70.944 E-Prescribing
The Medical Society of the State of New York will press for legislation or regulation that would allow patients’ requests for paper prescription and pharmacy choice to be honored and permit any patient to request opting out of electronic prescribing by requesting same in writing to a physician, who will then be permitted to issue a paper prescription in person or by fax. (Council 1/21/2016)
70.945 Federal Agency Compliance with State Laws on Controlled Substances Databases
In order to better coordinate controlled substance prescribing with other physicians, the Medical Society of the State of New York, working with the AMA, will request that the Veterans Administration and other federal health programs comply with applicable State laws which require checking databases of controlled substance prescriptions and that they additionally comply with state laws with regard to respective requirements for entering data on prescription fills into controlled substance tracking databases.
MSSNY will work with the NYS Department of Health to address any technological obstacles that exist to impede the transfer of data from VA practitioners and other federal health programs to the NYS Prescription Monitoring Program. (HOD 2015-100; Reaffirmed HOD 2025)
70.946 Generic Drug Pricing
The Medical Society of the State of New York (MSSNY) recognizes that generic drugs are not identical to their brand name precursors.

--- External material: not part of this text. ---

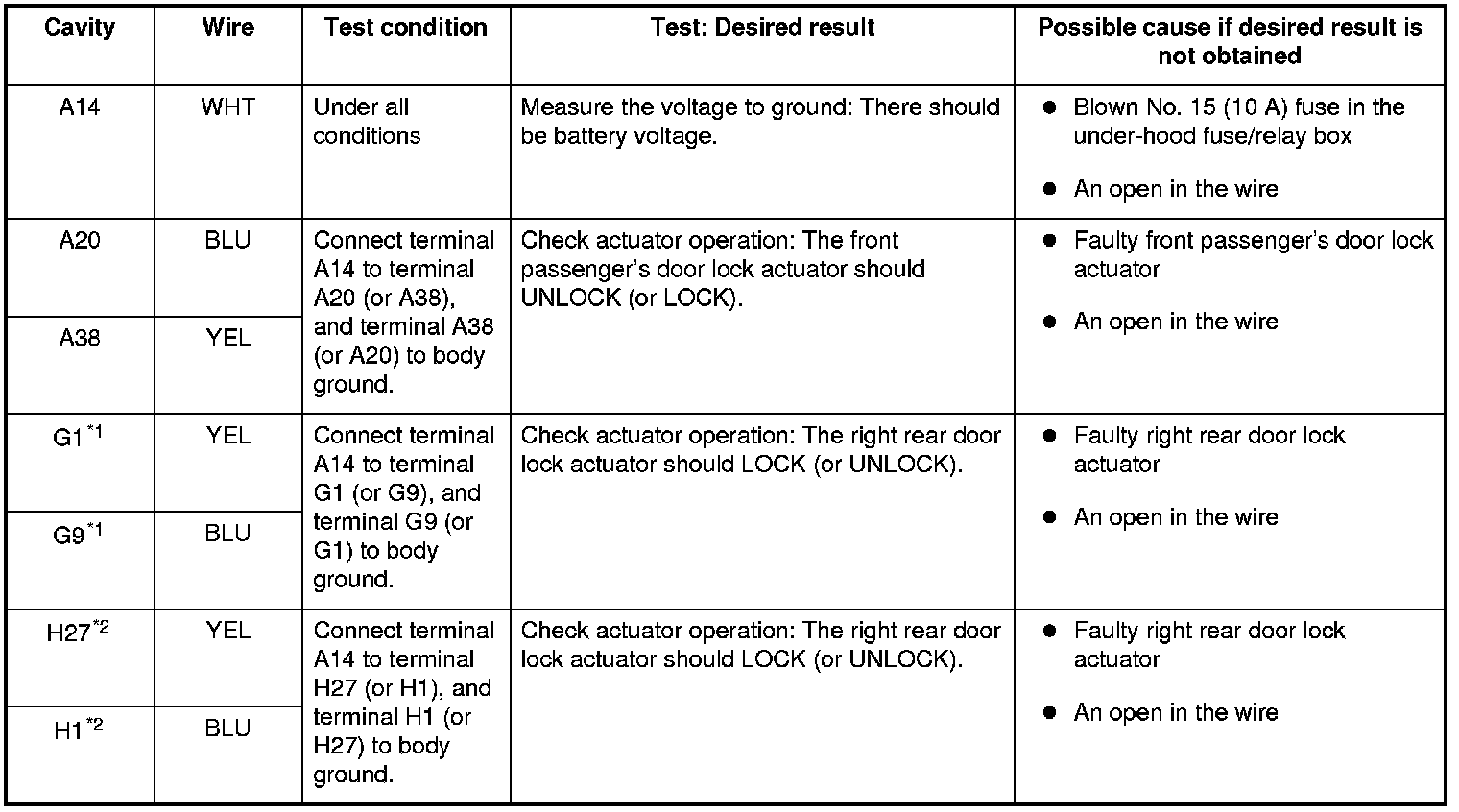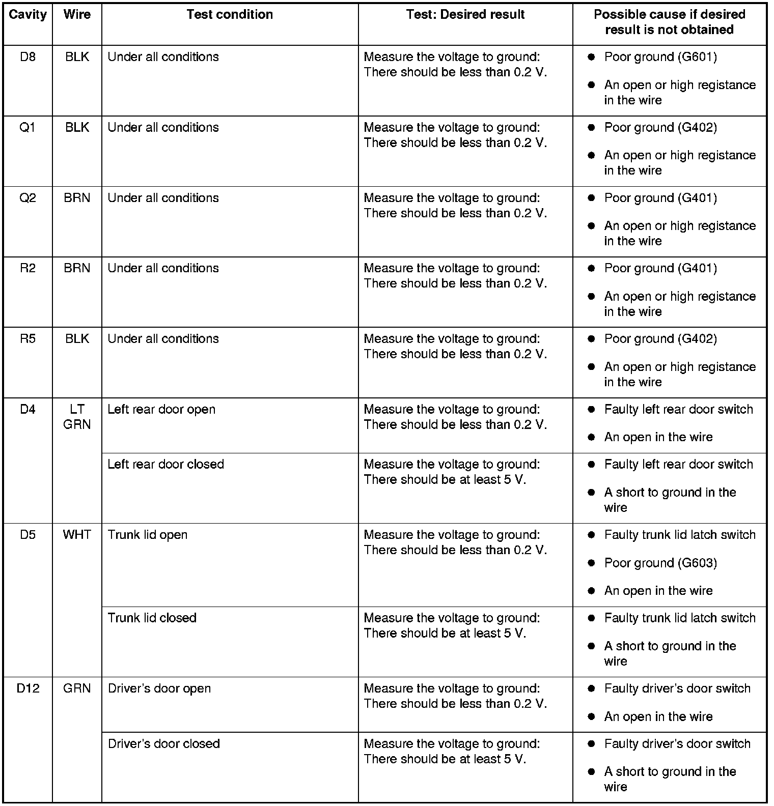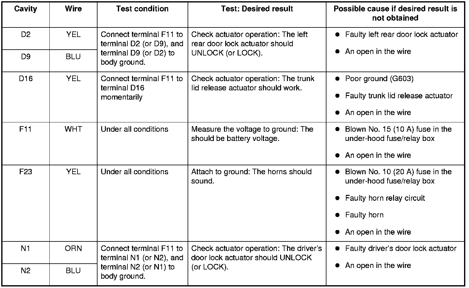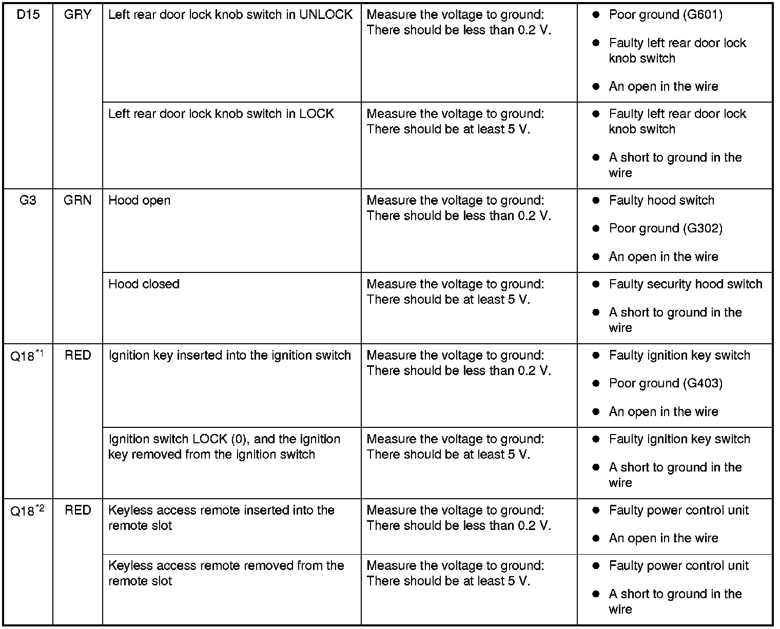 Keyless/Power Door Locks/Security System Control Unit Input Test
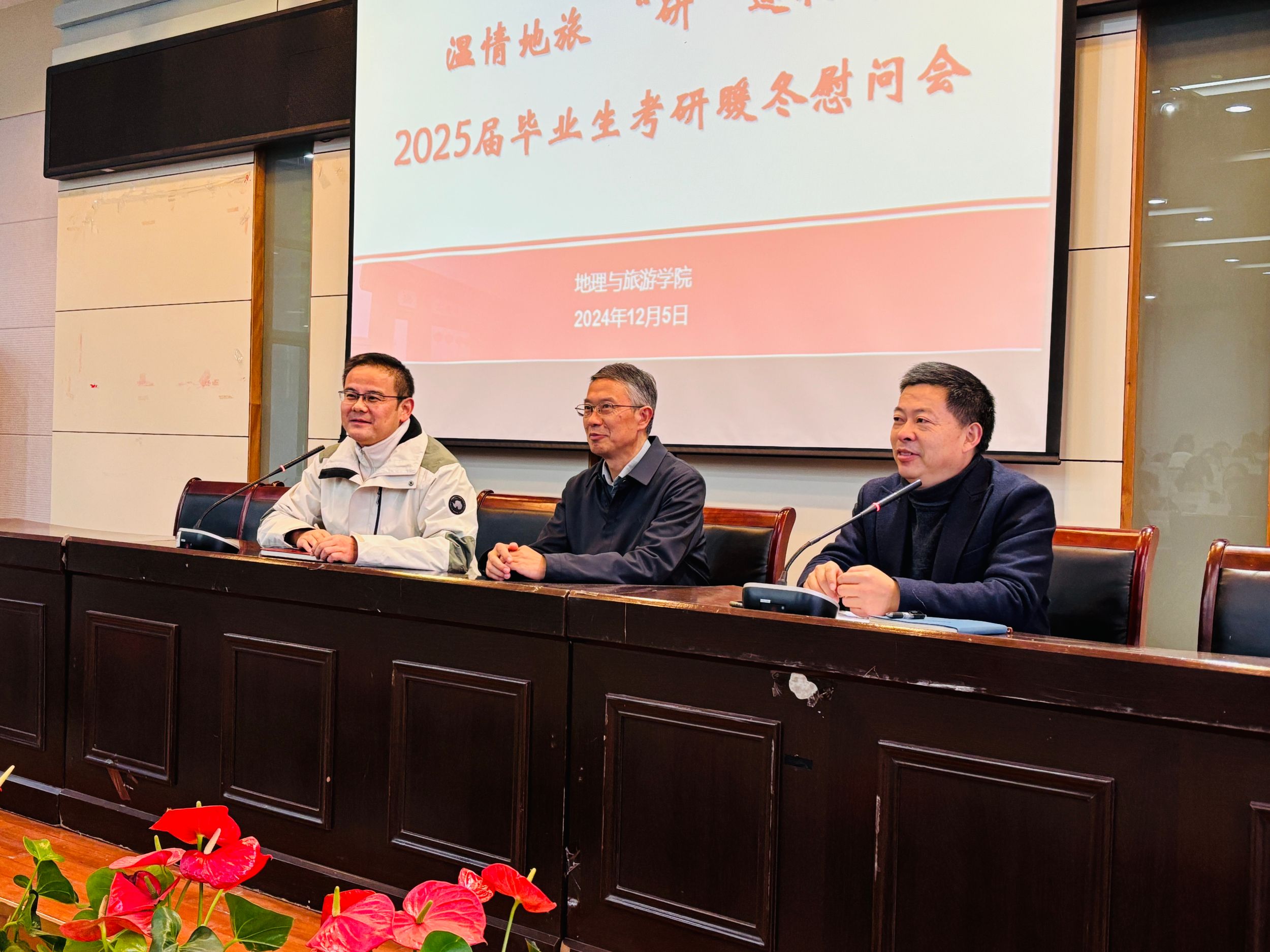 温情地旅,“研”途相伴。为缓解beat365考研学子备考压力、坚定考研信心、鼓舞考生士气,12月5日下午,学院于实验楼101报告厅举办“温情地旅 ‘研’途相伴”2025届毕业生考研冲刺指导慰问会。学院党委书记贾冠忠、副院长曹卫东以及毕业班辅导员出席活动。会议由学院党委副书记付勇主持。

MSSNY will advocate to ensure that a patient’s physician has final decision-making authority regarding which prescription medications are necessary for that patient’s well-being and it will further advocate to ensure the availability of affordable prescription medications for patients, including opposition to sudden unjustified price increases in prescription medications.
The Medical Society will continue to work with the Department of Financial Services, Department of Health and Attorney General’s office to expedite reviews of situations where insurers and their agents improperly delay responding to requests for pre-authorization of needed medications and further, MSSNY will advocate for sufficient fines to be imposed on insurers who fail to respond to pre-authorization requests in a timely manner. (HOD 2015-52; Reaffirmed HOD 2019 in lieu of res 53)

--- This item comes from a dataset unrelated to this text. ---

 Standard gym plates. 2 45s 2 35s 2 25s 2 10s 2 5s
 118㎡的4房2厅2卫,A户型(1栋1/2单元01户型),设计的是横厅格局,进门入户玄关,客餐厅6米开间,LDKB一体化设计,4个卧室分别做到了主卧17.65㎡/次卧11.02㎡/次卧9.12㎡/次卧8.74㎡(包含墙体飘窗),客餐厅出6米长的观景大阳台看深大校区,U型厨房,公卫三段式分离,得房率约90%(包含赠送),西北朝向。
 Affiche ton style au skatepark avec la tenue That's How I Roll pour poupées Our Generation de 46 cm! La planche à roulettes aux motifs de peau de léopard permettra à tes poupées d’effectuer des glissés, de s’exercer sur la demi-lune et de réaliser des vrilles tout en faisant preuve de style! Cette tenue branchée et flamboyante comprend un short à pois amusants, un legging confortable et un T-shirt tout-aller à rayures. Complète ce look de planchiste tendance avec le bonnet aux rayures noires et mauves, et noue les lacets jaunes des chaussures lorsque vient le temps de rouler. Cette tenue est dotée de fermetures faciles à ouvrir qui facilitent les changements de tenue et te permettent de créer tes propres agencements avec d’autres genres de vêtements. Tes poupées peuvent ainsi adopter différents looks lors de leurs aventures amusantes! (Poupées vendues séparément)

70.947 Physical Appearance of Generic Drugs
SUNSET HOD 2025
70.948 Point of Care Dispensing
The Medical Society of the State of New York will seek legislation that permits in-office physician dispensing of prescription medication to the patients. (HOD 2014-113; Reaffirmed HOD 2024)
70.949: Insurance Coverage For A 90 Day Supply Of Maintenance Medications
Insurance plans should be required to fill prescriptions as written up to a 90 day supply for all maintenance medications at a pharmacy or by mail order. (HOD 2013-155; Reaffirmed HOD 2023)

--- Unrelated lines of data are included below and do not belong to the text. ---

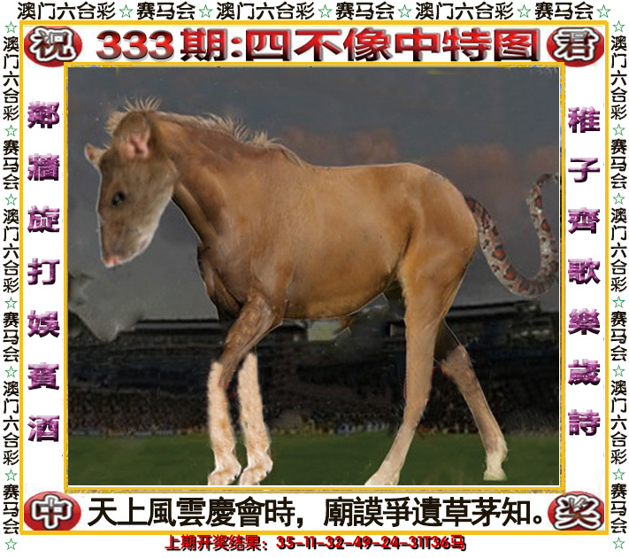327期红字暗码【隱於無形38 15 29 35】 解析:在行动前隐藏真实意图和实力。 解特:马狗龙兔牛羊 |
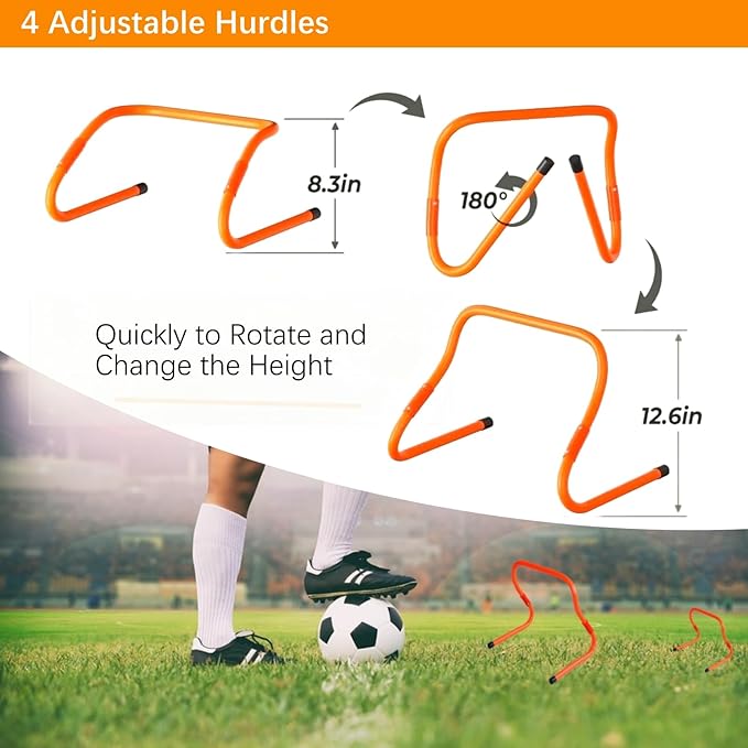 - Suitable for Different Groups of People: Our Agility ladder hurdles for kids create a variety of drills for improving, footwork, balance, and explosiveness. Suitable for coaches, football players, basketball players, soccer players, tennis players, athletes of all sorts and fitness enthusiasts. create a fun obstacle course for kids and adults alike
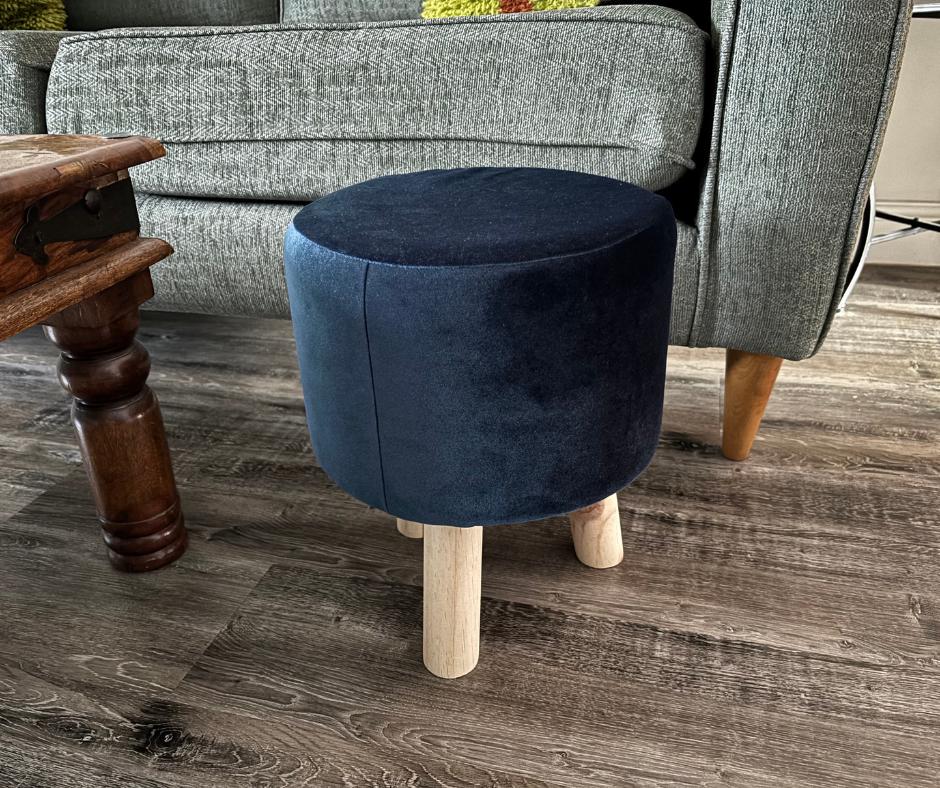 Navy Velvet Footstool | Small Round Footstool With 3 Wooden Legs
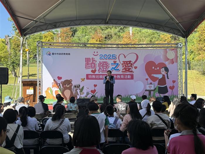 【記者陳世長台中報導】台中市政府教育局(14)日在南投縣九九峰動物樂園熱鬧展開「點燈之愛特教班親師生戶外教育活動」,活動邀請台中市國中小集中式特教班學生、教師、家長及教助員等約計1,000人共同參與,讓孩子們走出教室、親近自然,在動物世界中探索學習,享受一場寓教於樂的戶外教育體驗。教育局郭副局長致詞。
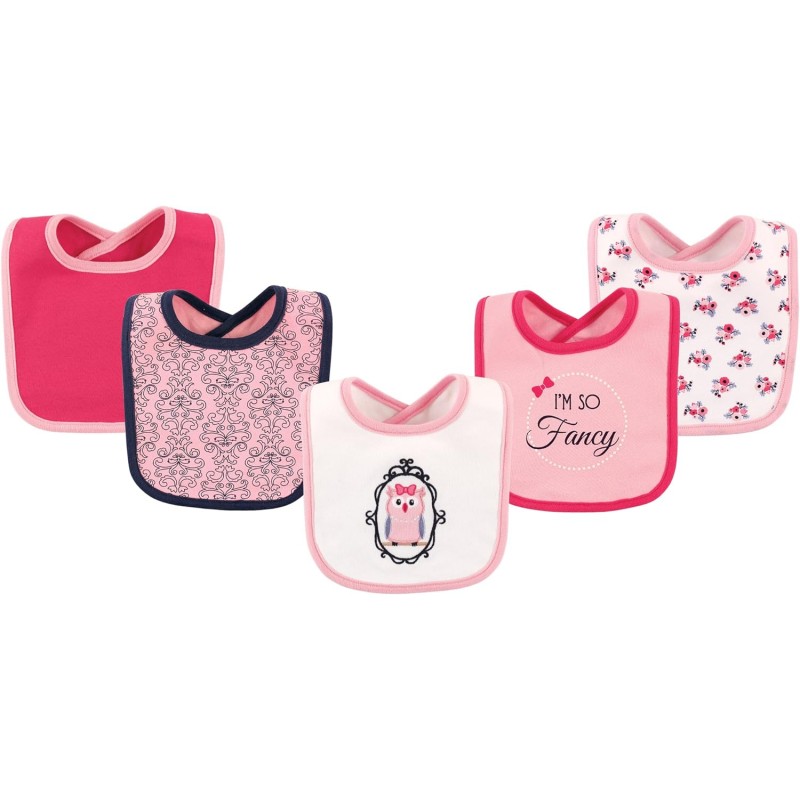 Hudson Baby is a premium baby clothing and accessories line that features better feeding solutions for mom and baby. Hudson Baby 5-Pack soft cotton droller bibs are ideal for catching drool and keeping baby dry. Terry backing helps absorb any liquid and stays off baby's clothes and neck to prevent rashes and clothing changes. Hook and loop closure is easy on baby's skin. Bib is perfect for feedings or all day to catch any drool.

70.950: E-Prescribing for Controlled Substances: SUNSET HOD 2023
MSSNY supports use of e-prescribing for controlled substances with the ability to screen for multiple prescribers of controlled substances. (HOD 2013-107)
70.951: Electronic Prescription for Controlled Substances: SUNSET HOD 2023
MSSNY supports use of electronic prescriptions for controlled substances and termination of the requirement for “hard copy” prescriptions, unless an exception to the e-prescribing mandate applies. (HOD 2013-106)
70.952 E-Prescribing of Class III-Narcotics and Other Controlled Substances: SUNSET HOD 2022
70.953 Inappropriate Export of Pharmaceutical Services:
MSSNY will work with the pharmacists of New York and their Professional Organizations to maintain the option of patients to have their prescriptions dispensed at a local pharmacy and be counseled face-to-face by their pharmacist. (HOD 2011-211; Reaffirmed HOD 2021)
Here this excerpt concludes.